# HELP!! Plants are turning brown



## Jason handoyo (Feb 11, 2017)

Hi guys, im new here and i need some urgent help !!

Age 6days old
Size: W50 x H35 x 30cm (60L)
Light: Chihiros 45w 8000k (5.5hours)
10cm above water surface
Filter: internal without carbon + lily pipe outflow
Co2: 3bps (indicator yellow)
24c (with chiller)
Substrate : bacter crystal, volcanic minerals, ANS Planta soil
Plants: HC
S.repens, AR mini, phonix moss
Rotala colorata
(All tropica 1-2-grow)

Water change: day 3 50%
Day 5 50%
Dosing:
Day 1 seachem potassium 1mg
Day 3 potassium 1mg
Day 5 potassium 2mg + EIHO Plant complete 5 drops

This morning is day 6 and i found this problem on my AR and S repens, browning leaves on the bottom part of the plants.
Rotala has been doing well so far.
Pls guys need some help here, i dun wan my babies to die off slowly 1 by 1.. ????thx in advance

Attached is day2, day6, and the browning on AR & S.repens


----------



## hoppycalif (Apr 7, 2005)

Your plants look good to me. It takes more than 6 days for newly set out plants to do any significant growing. In fact, many plants have been grown emersed (in the air, not submersed in water), so the leaves are not the right type for growing in water. With those the existing leaves tend to die back and new submersed configuration leaves start growing. Even cuttings from submersed plants can take a few days to recover from the change in conditions before they start to do any real growing. I suggest you wait another week before deciding if you have a problem.

I'm not familiar with that light fixture, so I can't guess how bright it is, and therefore I can't guess whether you are fertilizing appropriately. Do you know what your GH and KH are?

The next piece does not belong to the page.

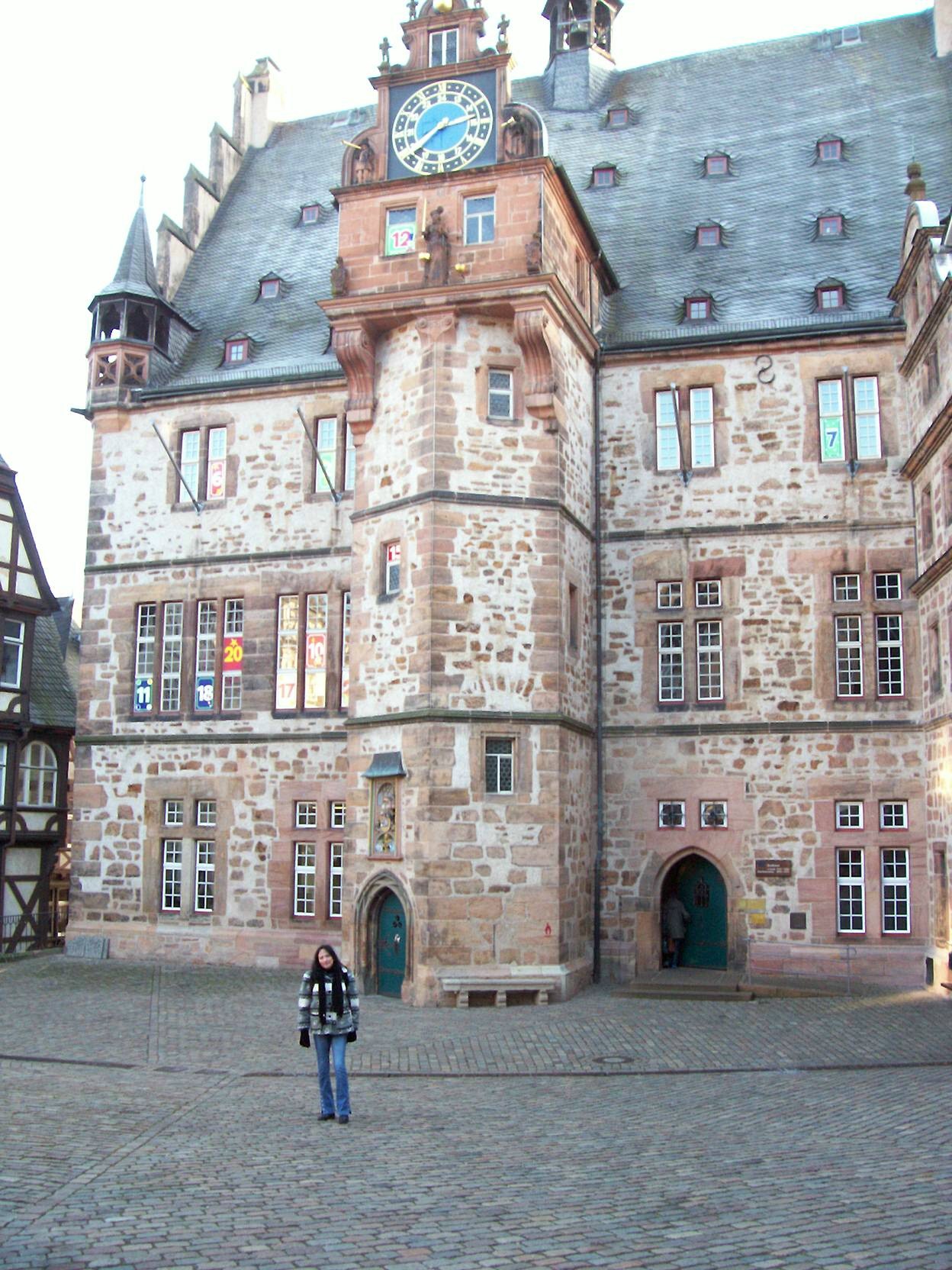 Zwar ist die Stadt noch immer nicht besonders gut für Fußgänger geeignet, aber sie wirkte gestern auf mich erheblich beeindruckender. Naja, so etwas ist halt auch von der Stimmung abhängig und im letzten Winter war diese nicht so gut. Objektiv aber ist Marburg eine schöne und interessante Stadt. Wie man die historische Altstadt von aggressiver Werbung freigehalten und überdies unzählige kleine Lädchen dort erhalten hat, ist schon beeindruckend. Mag auch der rechtswidrige Öko-Irrsinn, Stichwort „Solarsatzung“, aktuell ein Schildbürgerstreich sein, so hat das Stadtkonzept anscheinend bislang an den richtigen Stellen funktioniert. Warten wir ab. Anbei ein Foto mit mir (von KHF) vor dem hübschen Rathaus und noch eines, das die Topographie Marburgs veranschaulicht.

Some tap water doesn't have enough calcium or magnesium so you need to add some GH booster, like Seachem Equilibrium, but I can't tell what your water is like, since you didn't say where you live.


----------



## Jason handoyo (Feb 11, 2017)

Ops forgot to mention..
I live in Singapore
Original 0kh and gh,so added 
EIHO GH and KH booster becomes..

GH6 KH4 PH 5.5-6 nitrate 10ppm
Thats all the test kits i have ?


----------



## Jason handoyo (Feb 11, 2017)

Day 8 - my AR mini and S.repens have more burning like marks on them ??


----------